2.3.2. Gene Ontology (GO) and Kyoto Encyclopedia of Genes and Genomes (KEGG) Analysis of DEGs

In the transcriptome obtained from the AF and CF treatment groups, differentially expressed gene (DEG) screening was based on |log2FC| ≥ 1, and FDR < 0.01 was the threshold (Figure S2, Tables S2 and S3). In CF vs. AF, a total of 3949 DEGs were detected, of which 1944 DEGs were upregulated and 2005 DEGs were downregulated (Figure S2b, Table S2). Functional classification and statistics of the DEGs showed that the most abundant (COG) categories were signal transduction mechanisms and carbohydrate transport and metabolism (Figure S2d, Table S2). Cluster analysis heatmaps showed that some DEGs were expressed differently between CFs and AFs (Figure S2c). In the CF vs.
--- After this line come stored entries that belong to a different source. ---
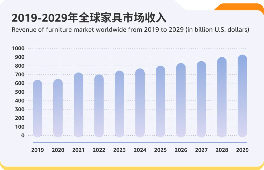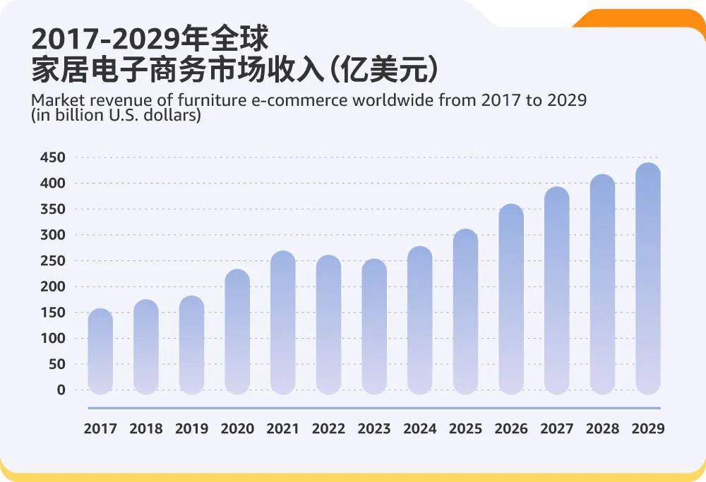 2025年海外消费者对高质量家具的需求将激增!家具品类规模,预计在2025年将突破8,000亿美元!线上渗透率持续提升,预计2025年全球家具品类规模将达到3,185亿美元,年均增速超过12%,到2029年将突破4,360亿美元。
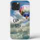 Balão de ar com padrão de arco-íris subindo para as nuvens brancas e fofas em um céu azul. O texto diz "SUBINDO ... Subindo ... subindo ..."
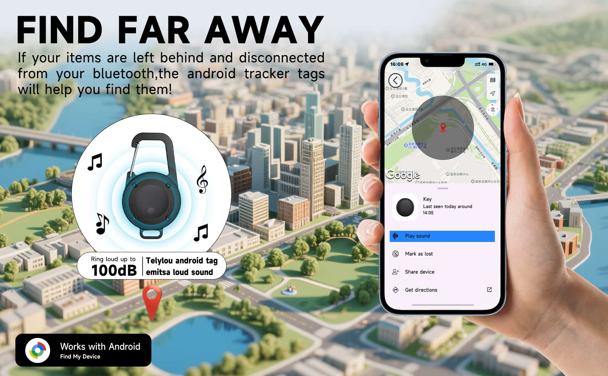 This Metal Keychain Tracker is inserted with our team’s newly developed tracker, which is Google-certified. All you need to do is download the Find My Device app for connection. The Metal Keychain Tracker also equips a high-volume alert. You can hear its sound from distance.
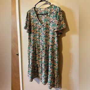 JODIFL Floral Teal/Pink Short Flutter Sleeve Dress Button Front Tiered Small
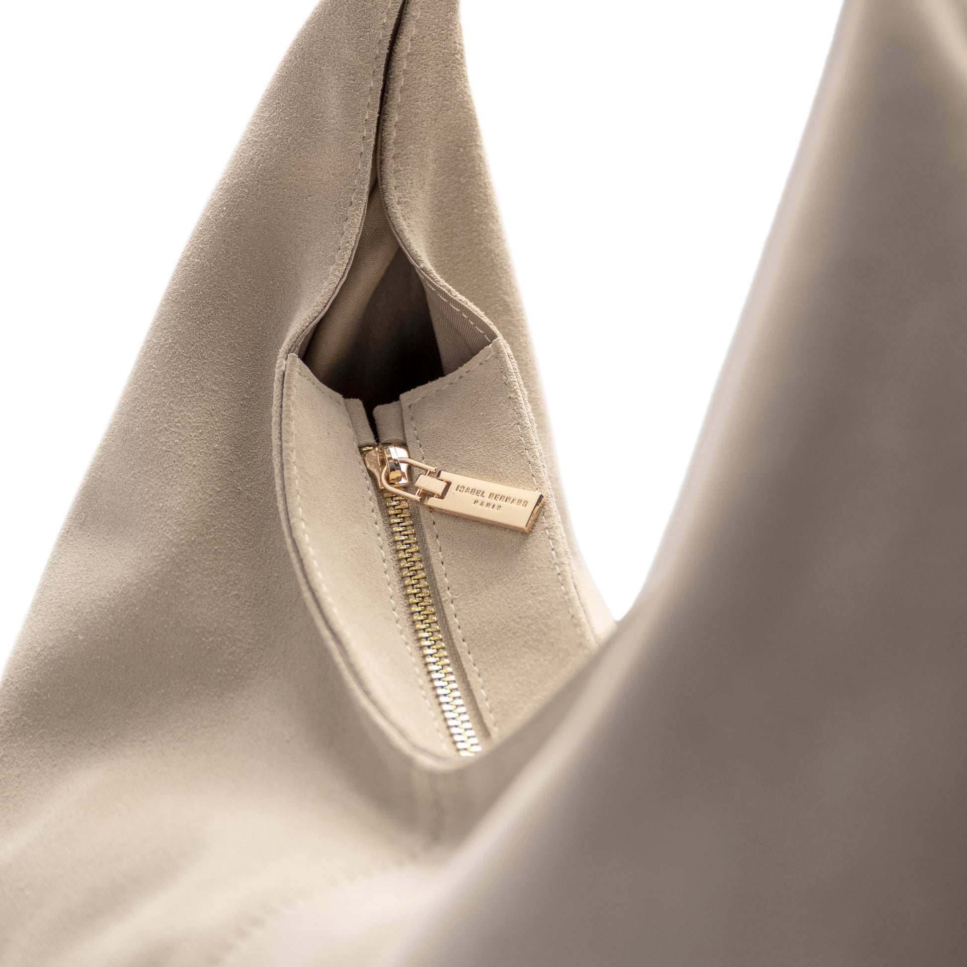 Découvrez le sac à épaule en daim crème Honoré Grace d'Isabel Bernard—un mélange raffiné d'élégance et de praticité, conçu pour la femme moderne qui apprécie le style intemporel et la fonctionnalité.
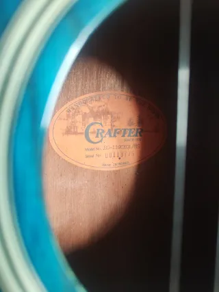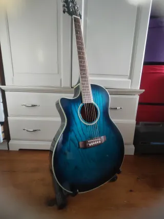 Guitarra electroacústica Crafter para zurd@s con un acabado degradado en tonos azules. - Cuerpo con cutaway - Modelo: EG-110CEQ/MS - Número de serie: 00113775 - Fabricada en Corea. Con funda semiriguida. En muy buen estado.
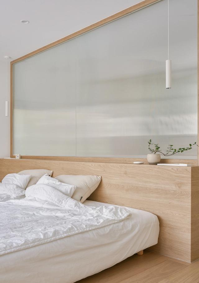 床的背景墙不是实心墙,而是用木头和玻璃做成的轻质墙,后面是5米多长的更衣区。
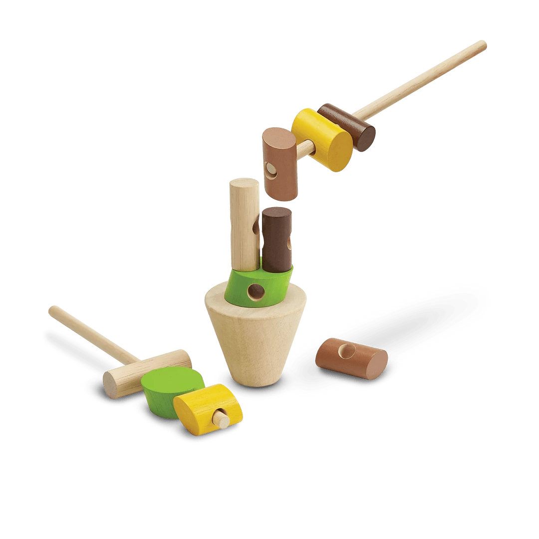 This is a strategic fun game which helps develop fine motor skills. The set consists of 10 blocks with different shapes, 2 sticks and 1 base. The player starts playing by using a hand to stack a log without making it fall. For an additional challenge, the player has to add the logs into the stick then hold the stick in one hand and stack a log on the base one by one. The player that can stack a log without making it fall is the winner. Ideal for 1-2 players.
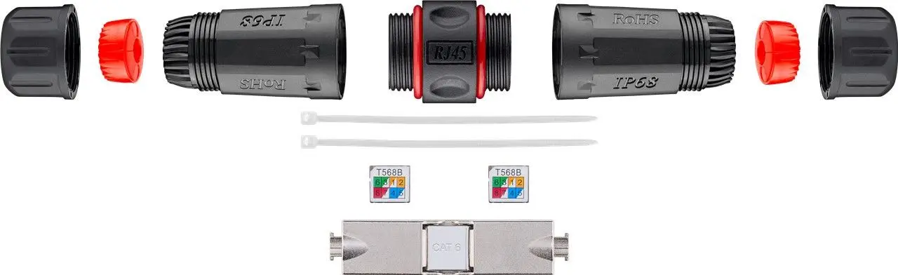 Zewnętrzne złącze kablowe przeznaczone jest do 8-żyłowego łączenia, przedłużania, naprawy lub przenoszenia kabli sieci danych LAN, eliminując potrzebę stosowania dużych skrzynek przyłączeniowych. Łatwy montaż bez użycia specjalnych narzędzi, łatwe do rozbudowy. Zewnętrzna obudowa z tworzywa sztucznego PA66/ABS, stopień ochrony IP68, wyposażona w odciążenie po obu stronach. do łatwego podłączania kabli instalacyjnych w sieci - nie są wymagane żadne specjalne narzędzia.Cechy produktu:

AF group, 3601 DEGs were functionally annotated, with 1813 DEGs upregulated and 1788 DEGs downregulated (Table S3). A total of 3059 DEGs were annotated to 55 GO items, including 21 in the biological process (BP) category, 18 in the cellular component (CC) category, and 16 in the molecular function (MF) category. In the BP category, the genes with the highest abundance belonged to “cellular process”, followed by “metabolic process”, “single-organism process ”, and “biological regulation”. In the CC category, “cell” and “cell part” have the highest number of genes, followed by “organelle”, “membrane”, and “membrane part”. The main terms in the MF category were “binding” and “catalytic activity” (Figure S2). In order to classify the functions of DEGs, enrichment analysis of the DEGs’ annotated GO pathway gene functions was performed (FDR < 0.05) (Figure 3).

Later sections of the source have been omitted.